Molecular basis of antibody mediated immunity against Ehrlichia chaffeensis involves species-specific linear epitopes in tandem repeat proteins

Jeeba A. Kuriakose, Xiaofeng Zhang, Tian Luo, Jere W. McBride

Research output: Contribution to journalArticlepeer-review

22 Scopus citations

Abstract

Humoral immune mechanisms are an important component of protective immunity to Ehrlichia species. However, the molecular basis of antibody mediated immunity is not completely defined, and the role of most molecularly characterized major immunoreactive proteins is unknown. In previous studies, we mapped major species-specific continuous epitopes in three surface exposed and secreted tandem repeat proteins (TRP32, TRP47 and TRP120). In this study, we report that protection is provided by antibodies against these molecularly defined TRP epitopes using in vitro and in vivo models.

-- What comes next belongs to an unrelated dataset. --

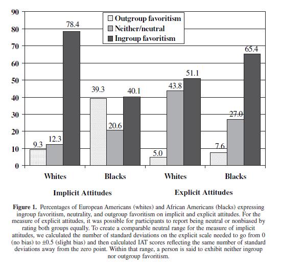 Data from a web-based project shows exactly the kind of effect that the authors propose in hypothesis 6′: despite similar patterns of explicit favouritism, we see quite a different story when we examine implicit attitudes. White participants demonstrate a preference for other whites, but black participants do as well. If simple ‘own-preference’ were the case, we’d see something quite different, with both groups tending to favour their own to the exclusion of the other. The fact that we see the observed pattern, not only in racial dynamics, but in terms of age (bias favouring young over old from both groups) and sexual orientation (bias favouring straight over gay from both groups), is strong support of the merit of the hypothesis.

Protection was demonstrated in vitro after prophylactic and therapeutic administration of epitope-specific anti-TRP antibodies, suggesting that the protective mechanisms involve extracellular and intracellular antibody-mediated effects. In vivo passive transfer of individual epitope-specific TRP sera significantly reduced the ehrlichial load and splenomegaly, and protected mice against lethal infection. Moreover, the combination of antibodies to all three TRPs provided enhanced reduction in ehrlichial load similar to that of Ehrlichia chaffeensis immune sera. IgG1 was the predominant antibody isotype in the epitope-specific TRP mouse sera. These results demonstrate that antibodies against linear epitopes in TRP32, TRP47 and TRP120 are protective during E. chaffeensis infection and involves extracellular and intracellular antibody-mediated mechanisms.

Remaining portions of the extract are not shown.